Research Article | Open Access

Volume 2020 | Article ID 7385861 | https://doi.org/10.1155/2020/7385861

The Influence of the Motor Traction Vibration on Fatigue Life of the Bogie Frame of the Metro Vehicle

Qiushi Wang,¹Jinsong Zhou,¹Dao Gong,¹Tengfei Wang,¹Jiangxue Chen,¹Taiwen You,¹and Zhanfei Zhang¹

Academic Editor: F. Viadero

Received06 Jan 2020

Revised25 Jun 2020

Accepted04 Oct 2020

Published23 Oct 2020

Abstract

During the service life of metro vehicles, the cracks frequently appear at the root of motor seats. This indicates the previous antifatigue designs are unable to cover the actual operating environment. Some individual loads, such as motor vibration, have been ignored or wrongly understood, which leads to the occurrence of local insufficient fatigue life of the frame. To illustrate the influence of the motor vibration on the fatigue life of the bogie frame, a metro vehicle was taken as an example: first, the precise finite element model of the frame was established, and its correctness was verified; then, the vibration characteristics of the frame were analyzed by sweep frequency calculation; and finally, considering the vibration acceleration signal of the motor measured on a metro line as the excitation, the influence of the random vibration on the fatigue life of the frame under traction and idle running conditions was compared and analyzed by solving the power spectral density of the dynamic stress response at the weak fatigue nodes of the structure.

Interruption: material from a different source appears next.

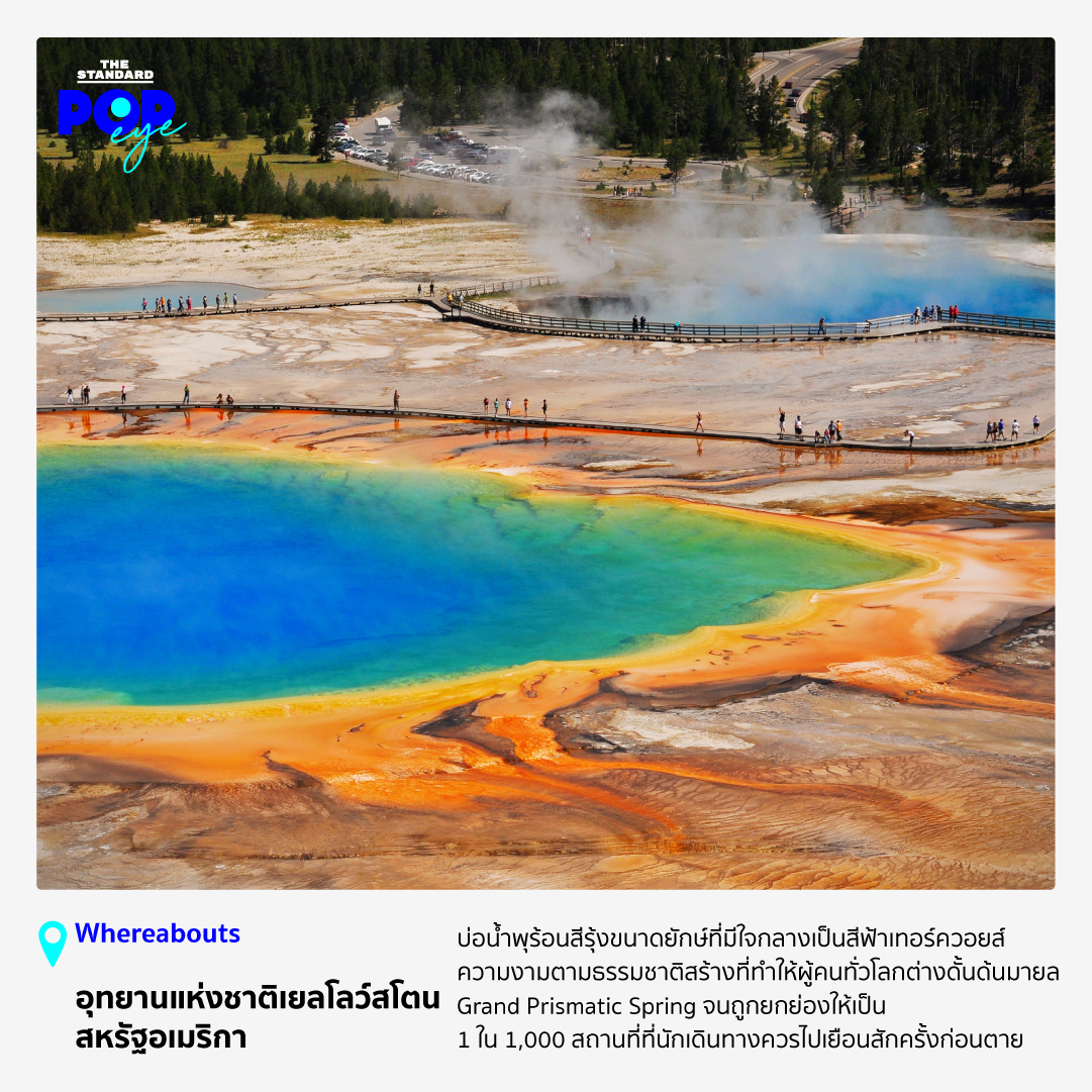 ขอบบ่อสีส้มจัดที่เราเห็นเกิดจากแบคทีเรียและพืชเซลล์เดียวบางชนิดที่สามารถอาศัยอยู่ในน้ำร้อนที่มีอุณหภูมิสูงกว่า 45 องศาเซลเซียสได้ ตรงกลางบ่อเป็นสีฟ้าเทอร์ควอยส์สวยสด สีตัดกันฉูดฉาด ไอร้อนลอยเหนือบ่อประหนึ่งน้ำเดือดตลอดเวลา ภาพเบื้องหลังคือภูเขาป่าสนสีเขียวบวกกับท้องฟ้าใสไร้เมฆ ความงามตามธรรมชาติสร้างที่ใครเห็นเป็นต้องอยากมา จน แพทริเซีย ชูลต์ส ผู้เขียนหนังสือ ‘1,000 Places to See Before You Die’ ยกให้เป็น 1 ใน 1,000 สถานที่ที่เราควรไปเยือนสักครั้งในชีวิต

The results show that the energy of the vibration in the frame is mainly concentrated in modes 6 and 7, which are excited by the motor transverse and vertical vibration, respectively, and contribute a lot to the fatigue damage of the frame; the fatigue life of the vital positions of the frame under the traction condition significantly reduces compared to the idle running condition; and the contribution of the low-amplitude vibration above 300 Hz to the fatigue damage can be ignored. At last, the importance of the influence of the motor traction vibration on the fatigue life should be fully considered in the metro vehicle design was proposed.

1. Introduction

During the operation, metro vehicles were excited by various loads. These loads not only come from track irregularities but also the inside as well, such as traction motor vibration, within a wide frequency range [1–3]. Some studies mentioned that many fatigue cracks appeared around the area near to the traction motor seats during their service life, which was thought to be related to the local elastic vibration [4, 5]. There are only a few research studies about motor vibration fatigue on the metro bogie frame. Some studies show that ① the vertical vibration of the frame suspension traction motor has an evident impact on the frame fatigue strength [6]; ② decoupling optimization of the motor suspension system can effectively improve the vibration isolation to reduce the fatigue damage of the motor seat [7, 8]. The above studies have confirmed the importance of the influence of the motor vibration on the fatigue strength of the frame from the obverse and reverse, but have not been studied in detail.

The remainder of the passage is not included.